The core problem with this kind of thing is that often neurons are not actually monosemantic, because models use significant superposition, so the neuron means many different things. This is a pretty insurmountable problem—I don’t think it sinks the concept of the website, but it seems valuable to eg have a “this seems like a polysemantic mess” button.
Bug report—in OWT often apostrophes or quote marks are tokenized as two separate tokens, because of a dumb bug in the tokenizer (they’re a weird unicode character that it doesn’t recognise, so it gets tokenized as two separate bytes). This looks confusing, eg here: (the gap between the name and s is an apostrophe). It’s unclear how best to deal with this, my recommendation is to have an empty string and then an apostrophe/quotation mark, and a footnote on hover explaining it.
- Johnny Lin 27 Jul 2023 16:59 UTC
  2 points
  Parent
  Hi Neel, thanks for playing and thanks for all your incredible work. Neuronpedia uses a ton of your stuff.

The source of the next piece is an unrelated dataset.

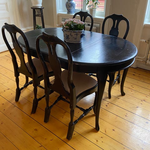 Bordet har klassisk form med svängda ben och två extra skivor 2 st 89 x 35 för förlängning. Stolarna har profilerad rygg och är målade i samma svarta ton som bordet. Passar som matplats i kök eller vardagsrum.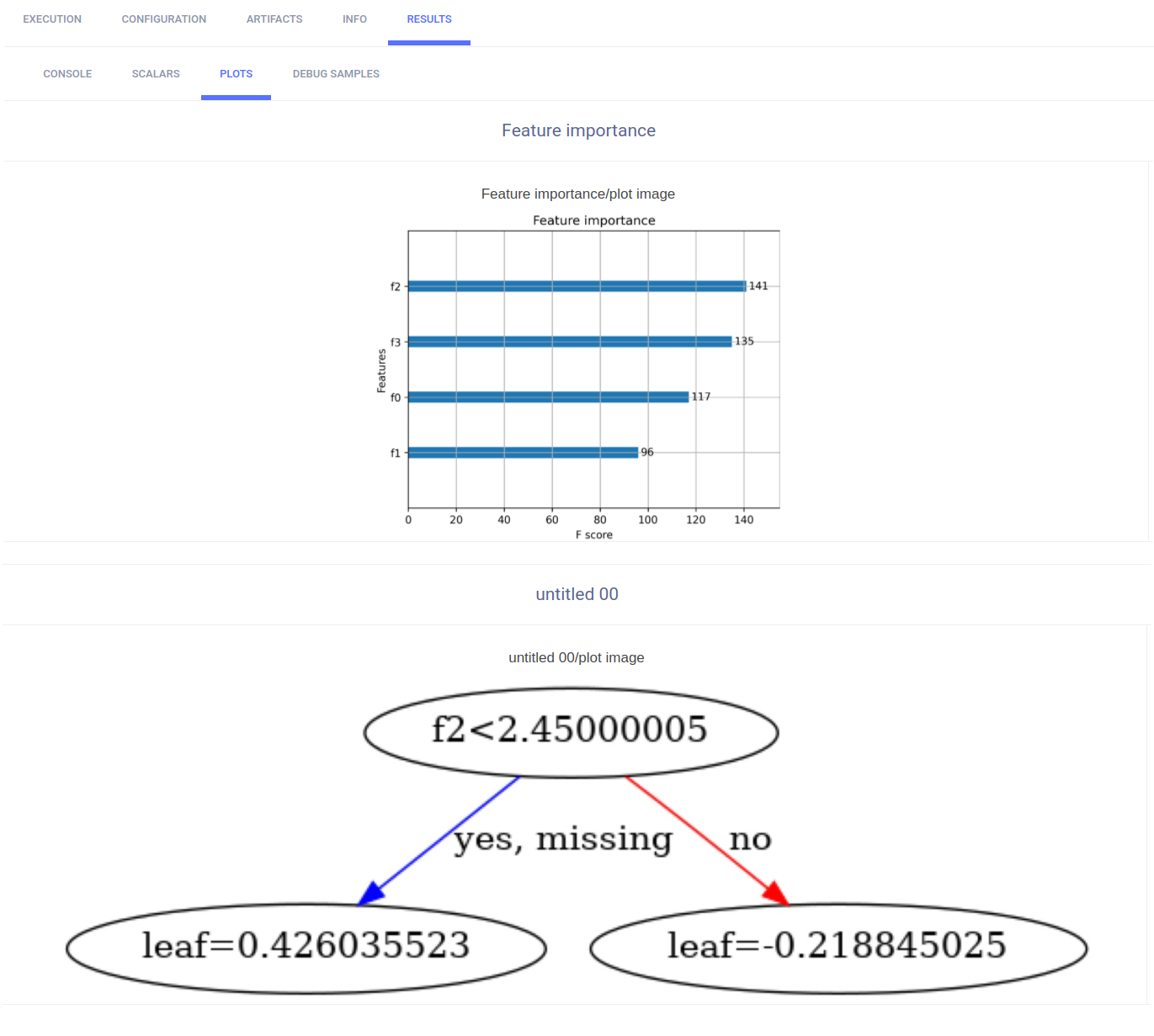 The feature importance plot and tree plot appear in the project's page in the ClearML web UI, under RESULTS > PLOTS.

  Re: polysemantic neurons—yes, I should address this before wider distribution. Some current ideas—if you have a preference please let me know.
  1. Your proposed “this is a mess” button
  2. Allow voting on more than one option at a time (users can do multiple votes for explanations per neuron on the neuron’s page, but the game automatically moves on to a new neuron after one vote to keep it more “game-like”)
  3. Encourage “or” explanations: “cat or tomato or purple”
  4. Add a warning for users
  Re: Open Web Text tokenizer bug—thank you! this will make the text more legible. i’ll make the display change and footnote.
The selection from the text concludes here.